## Brief
Leave out the pictures and print precisely the lines from the line with "Supervisa y controla" to the final line of the entries, both ends included.

═════ Data under study ═════

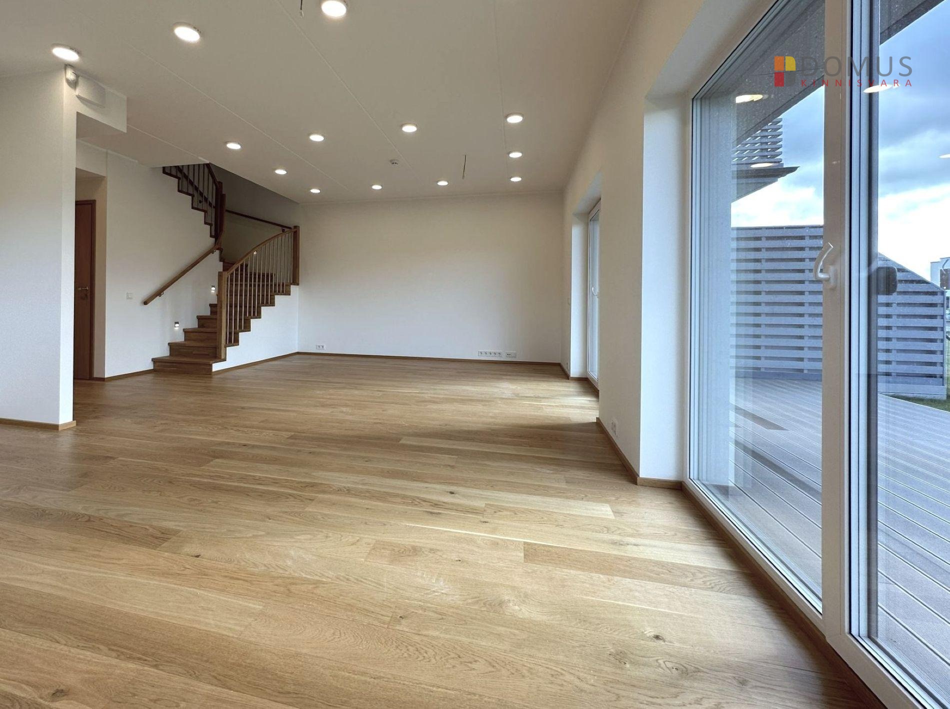 Interior finishes include high-quality materials. Ceiling lights are installed throughout. Floors are covered with single-strip natural oak parquet. A solid oak staircase leads to the second floor. Walls are painted in light tones. Bathrooms and WC are finished with ceramic tiles.
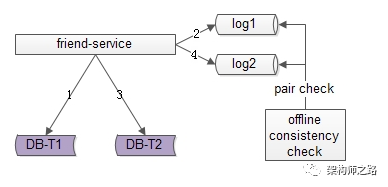 数据的双写不再由好友中心服务来完成,而是由线下的一个服务或者任务来完成,如上图1-6 流程:
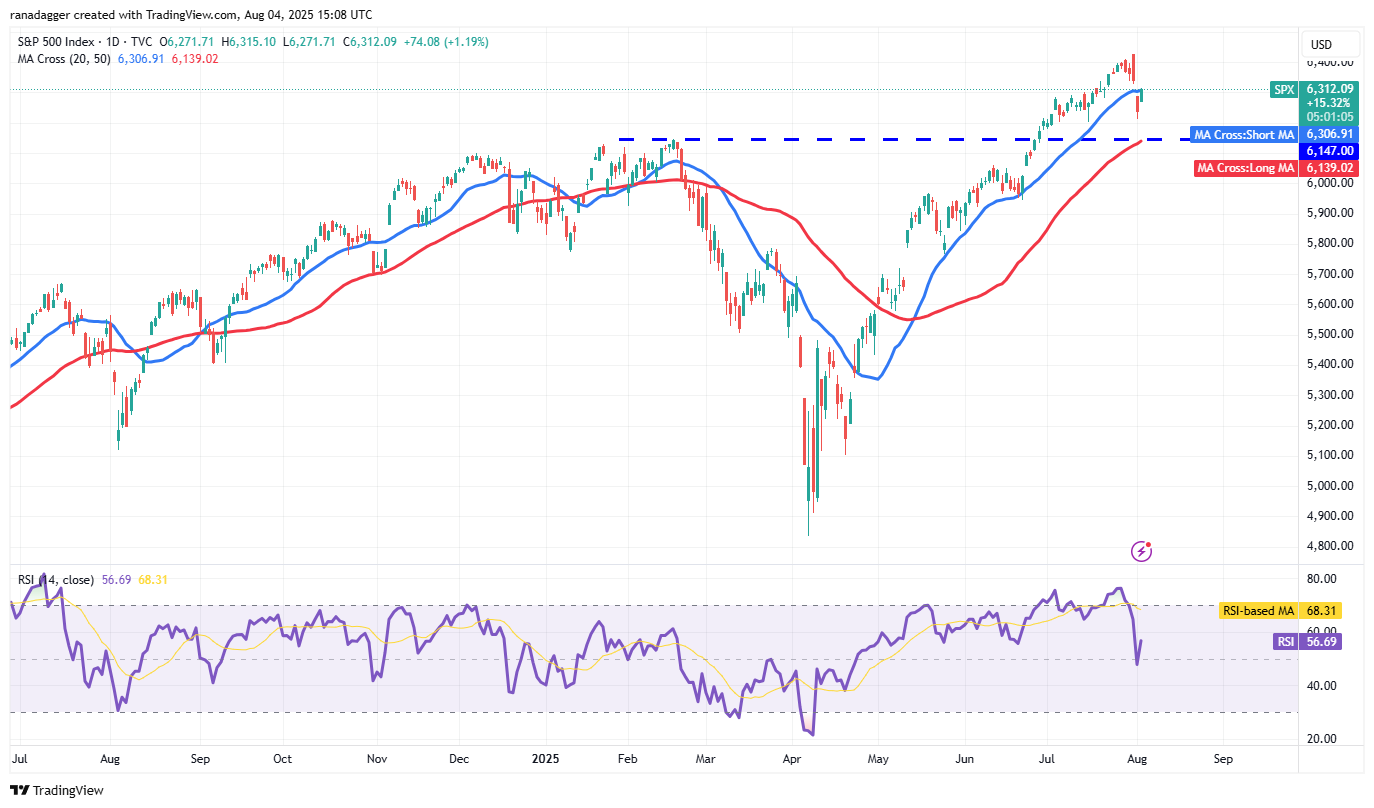 Selling continued on Friday, pulling the price below the 20-day simple moving average (6,306). The bulls are trying to get back into the driver’s seat by pushing the price back above the 20-day SMA on Monday. If they succeed, the index could retest the all-time high of 6,427.
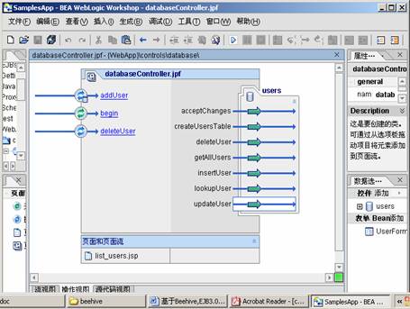由于pollinate中尚不提供控件的視圖,為了說明java control與pageflow(頁面流)之間的關系,可以參照上面這張bea workshop中java control的參考視圖,圖中的主體是一個pageflow(頁面流),而右側users就是在該頁面流中使用的一個名為users的java控件。
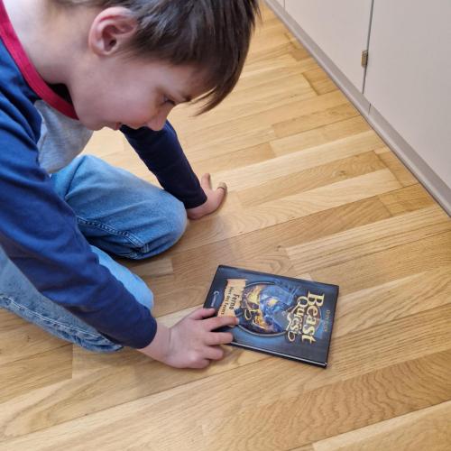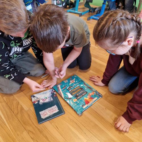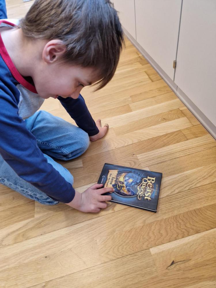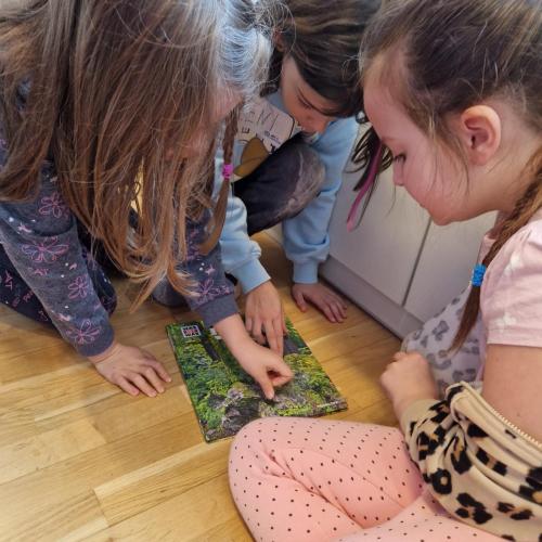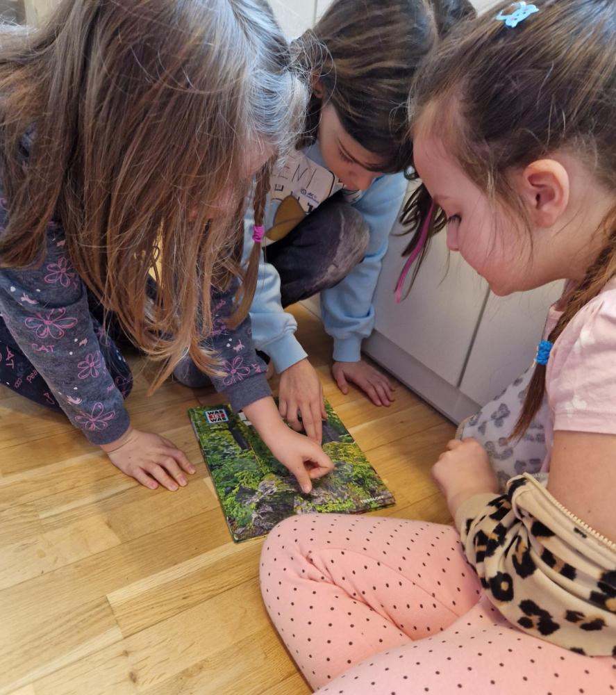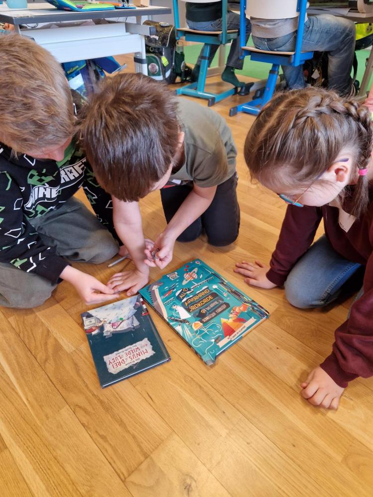 Zum Schluss galt es noch ein Bücher-Puzzle zu lösen. Mit Freude flitzten die Kinder zwischen den aufgelegten Büchern hin und her und hatten die Aufgabe im Nu gelöst.
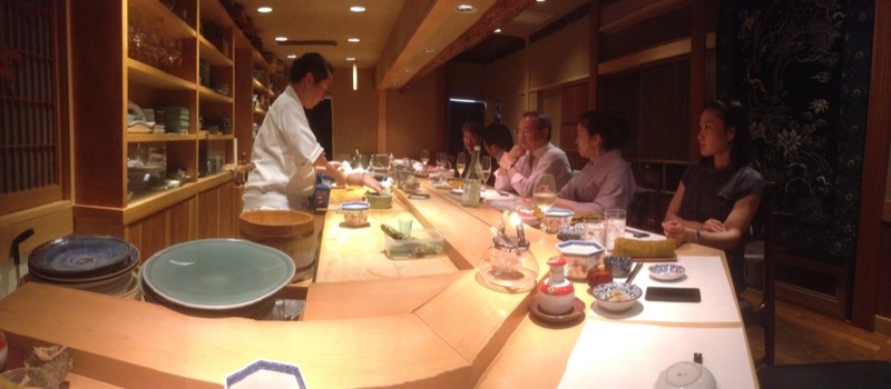 IMG_6197_800 Published June 11, 2014 at 800 × 350 in Tokyo 2 ← Previous Next → Erika took us to a wonderful traditional sushi restaurant called Sushiyuu in Roppongi. The restaurant serves at most 15 people. The chef chooses your meal for you. As the meal plays out there are 12 or so individual courses.
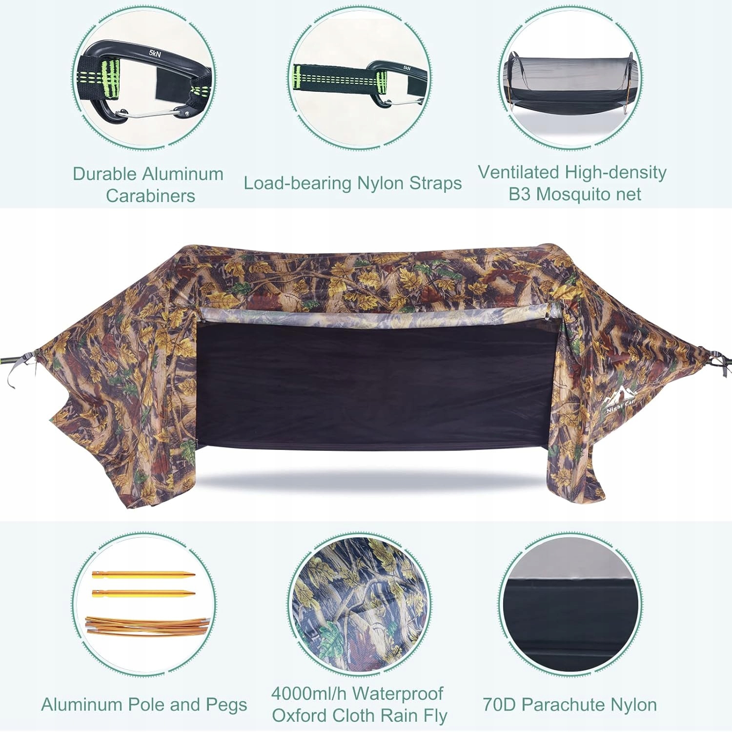 Наша палатка гамака является идеальным решением для любителей приключений на открытом воздухе. Благодаря многофункциональному дизайну, его можно использовать в качестве гамака, земли или висящего палатки, адаптируя к вашим потребностям и обеспечивая максимальный комфорт.
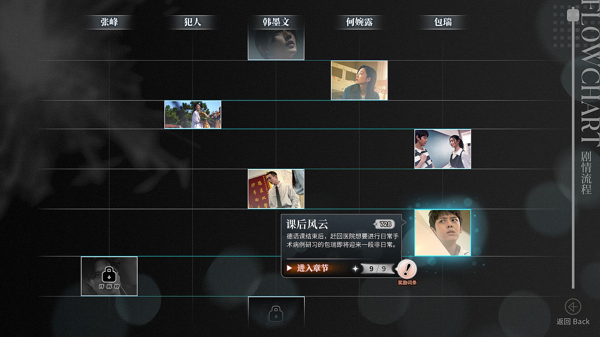 我们并没有把这部作品叫做文字冒险游戏,而是将其定位为视觉小说,是考虑到它按照一定的顺序从头到尾笔直地叙述了宜清市发生的故事。取选项分支而代之的是,作品的词条系统并非单纯客观的介绍说明,而是更为主观的感想与随笔,可以算作作者与读者之间一种另类的交流。这些词条的收集方式不只有点击对话中的关键词一种,有些时候也会隐藏在画面中的某个物件上等待点击解锁,而还有一部分词条则只有在解锁了所有前期词条后才会被连锁解锁,算是为阅读增添了一些别样乐趣。
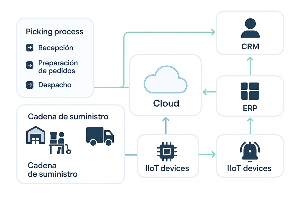Supervisa y controla cada fase del proceso logístico: recepción, preparación de pedidos y despacho, todo conectado con sensores y dispositivos IIoT para evitar errores y retrasos.
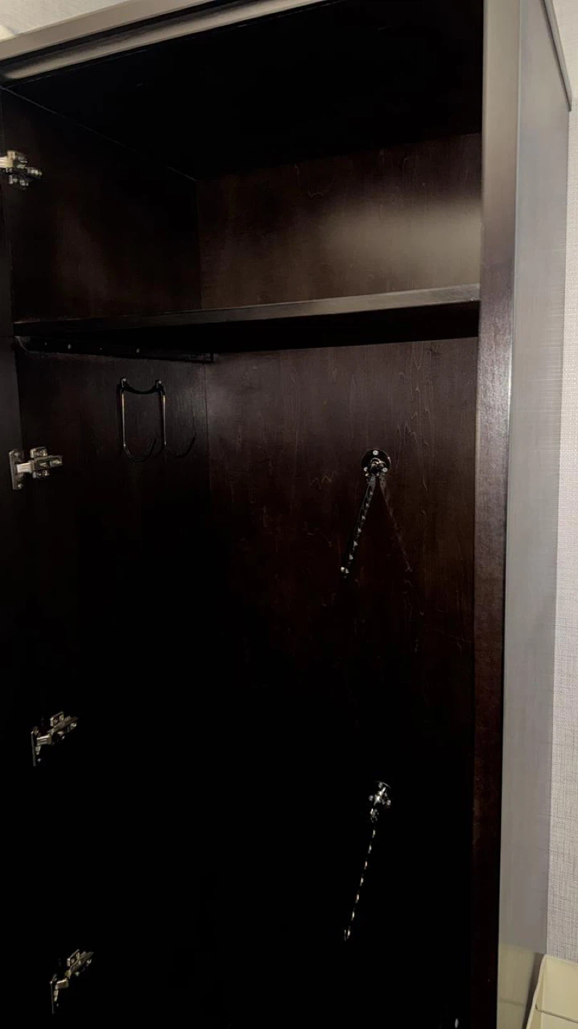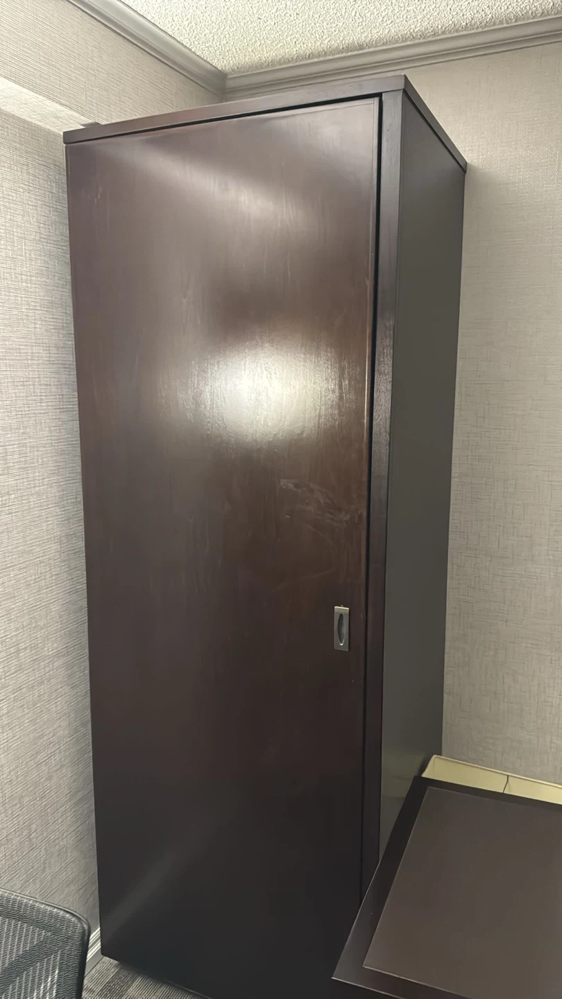 Selling a dark brown wooden wardrobe. It has a sleek design and is perfect for adding extra storage space to any room. It's in good condition and ready to use.

═════

## Solution
Supervisa y controla cada fase del proceso logístico: recepción, preparación de pedidos y despacho, todo conectado con sensores y dispositivos IIoT para evitar errores y retrasos.
 Selling a dark brown wooden wardrobe. It has a sleek design and is perfect for adding extra storage space to any room. It's in good condition and ready to use.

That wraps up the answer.